Maitri Libellule
My favorite piece of house
cleaning equipment...

Well, I'm taking a leap out into that iffy world where one admits their faults, foibles, and peculiar oddities...

I am a lousy house-keeper. For years I've liked to think of it as being "artsy." Ahem. I mean, my house is not filthy, it is more the clutter than anything else. But when you are a writer, an artist -- fiber, paper, beads, handmade books, etc -- and you have more parrots and pugs than you can count, and seeds and pug hair are everywhere, you have to, well, do things differently than if you were a common Jane who no matter whether she was a housewife or the CEO of a major corporation, still likes to have a house as neat and clean as the dear women of the fifties did.

I am 55, I was born in 1954, I did not get the gene, and frankly, those were the days -- and it was very common then -- that a lot of people had maids.
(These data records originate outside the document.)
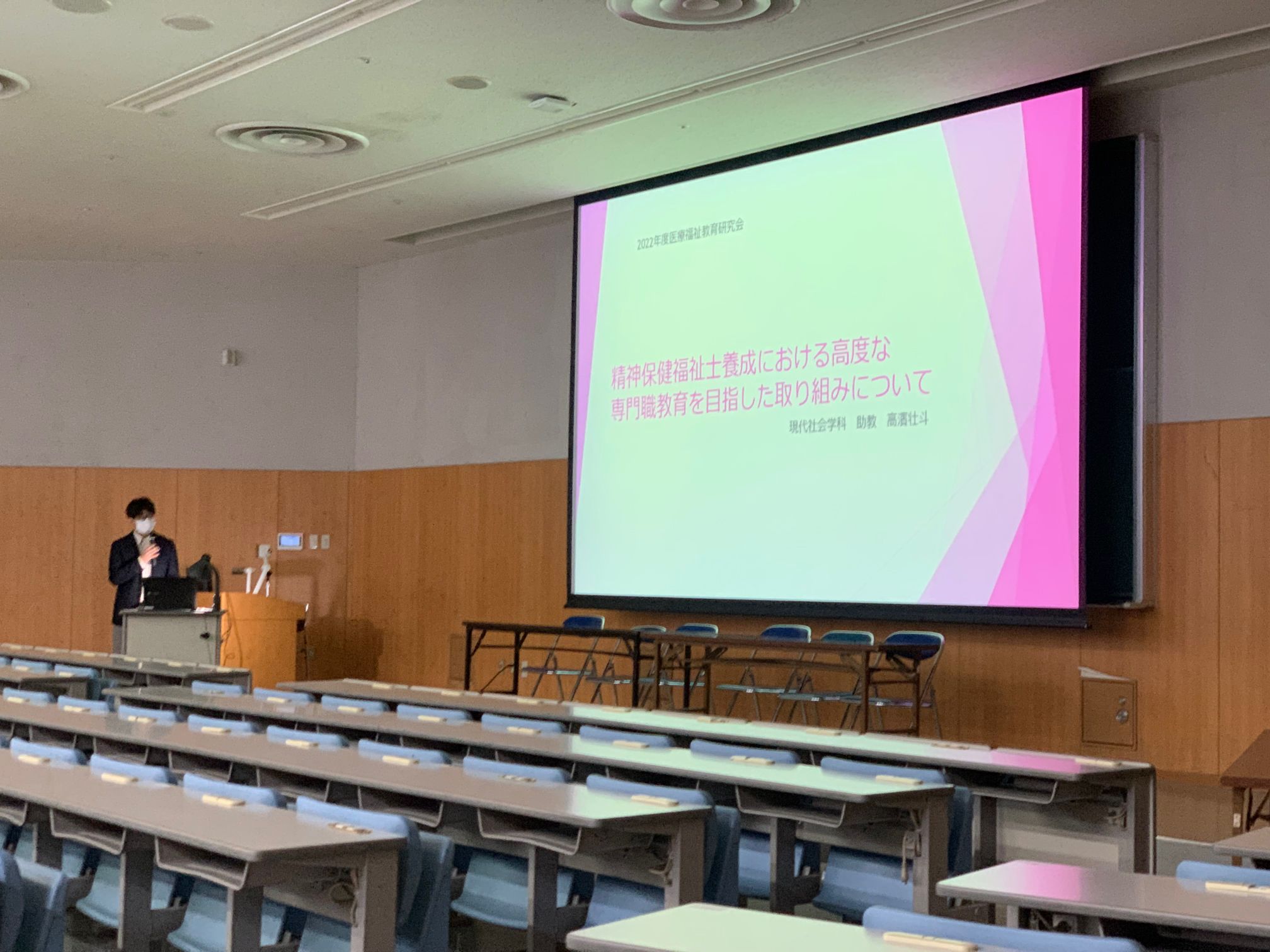 現代社会学部はその前身が医療福祉学部保健福祉学科であることから,本学における精神精神保健福祉士養成について高濱壮斗先生が登壇し説明されました。
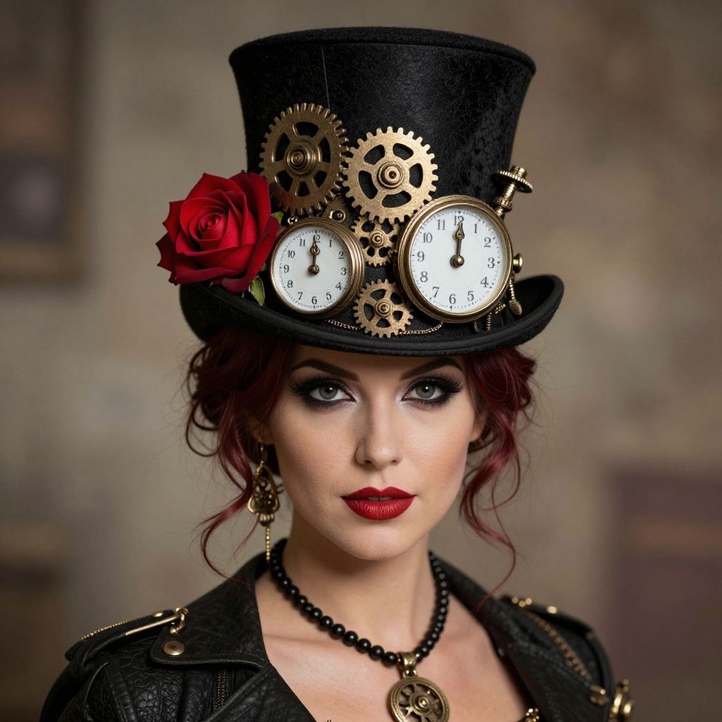 A steampunk-inspired digital artwork featuring a woman adorned with a black top hat embellished with intricate gears, clocks, and a vibrant red rose, set against a softly blurred vintage-style background, evoking a blend of retro and frontier punk aesthetics.
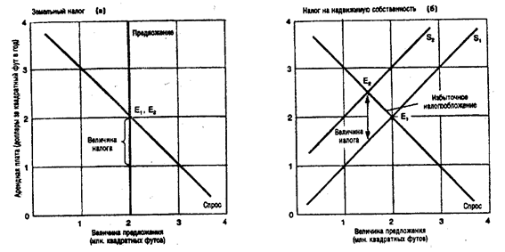 На рис. 4 приводится сопоставление двух различных форм налогообложения: земельного налога и налога на здания, сооружения, недвижимую собственность и иные вложения капитала в благоустройство земельных угодий. Предположение зданий и сооружений на рынке недвижимости не является совершенно неэластичным. Налоги на этот вид собственности означают увеличение затрат для конкретных владельцев, что в графической интерпретации сдвигает кривую рыночного предложения данного товара на рынке вверх. По мере того, как рыночные ставки арендной платы увеличиваются, часть этого налогового бремени перекладывается на плечи арендаторов, Вследствие этого начинает сокращаться предложение — капитальное строительство и ремонт замораживаются, а устаревшие здания и сооружения ввиду их нерентабельности сносятся.
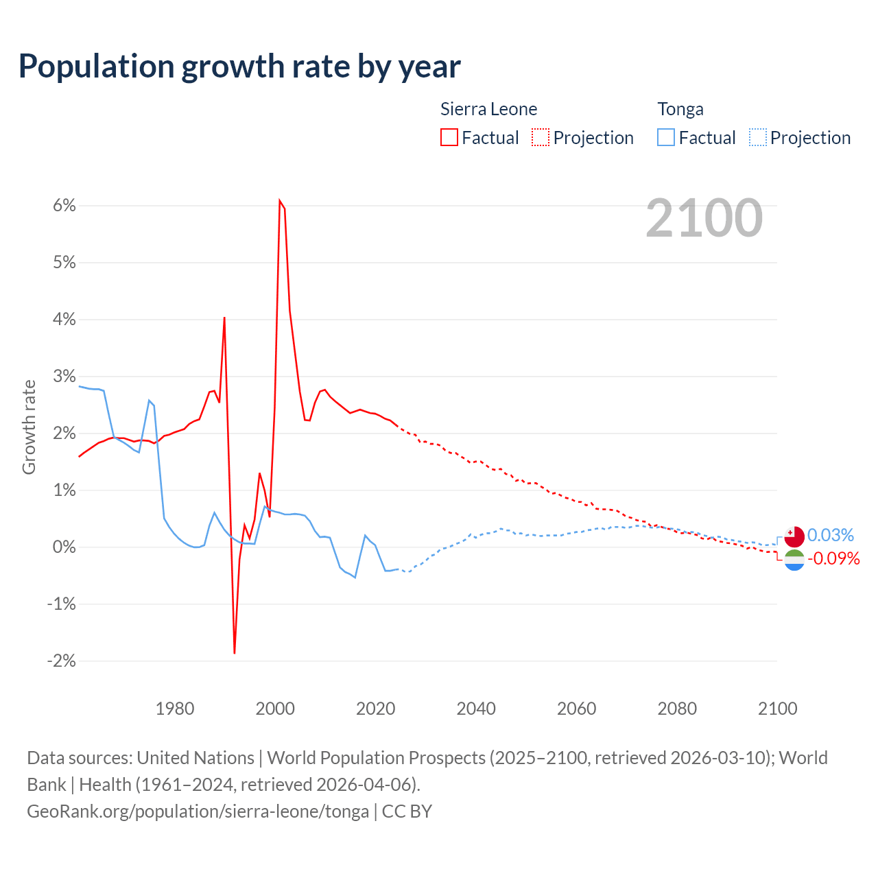 - For the last 10 years, Sierra Leone has had an average growth rate of +2.32% per year vs -0.25% in Tonga.
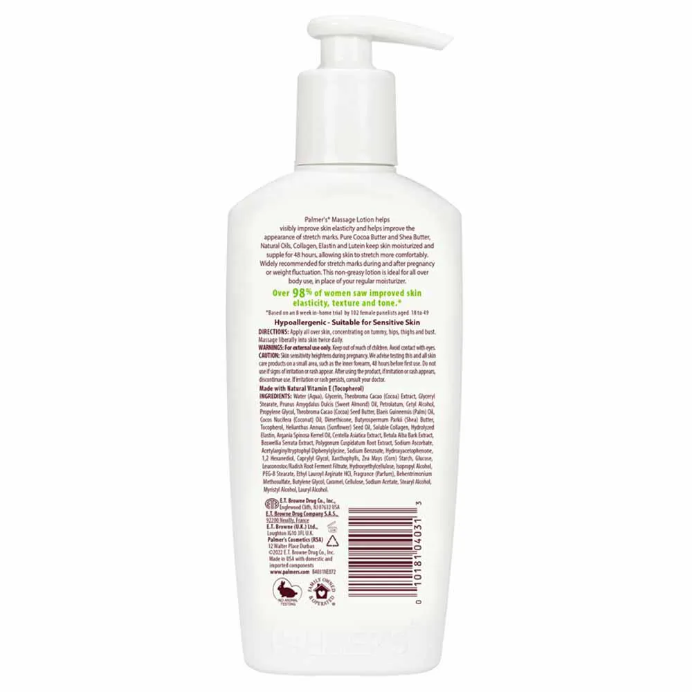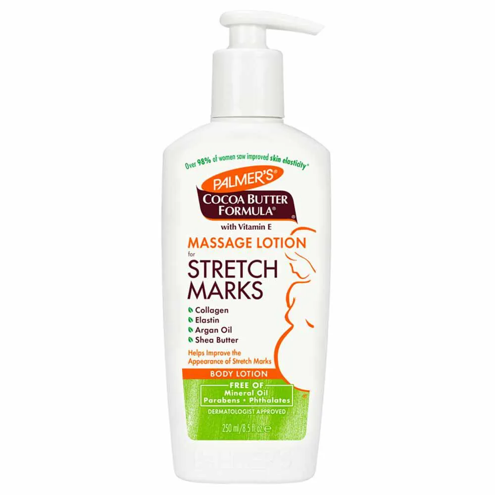 A Loção para estrias possui em sua fórmula manteiga de cacau Palmer que ajuda a reduzir a aparência de estrias com uma mistura especial de manteiga de cacau pura, vitamina e, manteiga de karité e Bio C-Elast e Bio C-Elast é uma poderosa combinação de colágeno, elastina, Centella Asiatica, óleo de amêndoa doce e óleo de argan. Esta loção não gordurosa, para todo o corpo, ajuda a melhorar a elasticidade e flexibilidade da pele alongada durante e após a gravidez. Também é recomendado para estrias associadas a flutuações de peso.

Even the Brady Bunch had one. We had a full-time maid and for 35 years I've been waiting for her to come rescue me. One day I woke up and realized that she was not coming. It was quite a blow. I sobbed for days. Then I looked around this little art and animal filled cottage and thought, sheez, how will I ever do this. And then I had a thought. Yes, a peculiar thought. I think I must have had the look of a mad scientist on my face because the dogs went running and cowering in every direction, the parrots hid in their furry nighty-night tunnels, and well, Mama got out the leaf blower! Mwah ha ha ha ha ha ha....

As I have mentioned before, all of the old nasty carpet was cut out of the downstairs and gotten rid of. The concrete was cleaned and painted. All of a sudden I had lots of space and concrete floors. Such a glorious sense of spaciousness. BUT, when the birds drop seed from their cages now the seeds hit the slick concrete floor and go about five miles in every direction. Tufts of pug hair, like dust bunnies under the bed, all of a sudden seem to appear in every corner and along the walls. I got tired of sweeping all the time (Okay, I didn't sweep ALL the time...) and just at the brink of despair I had an idea. Like the Grinch I had a terrible, awful idea. My mother, I can guarantee you, would be horrified.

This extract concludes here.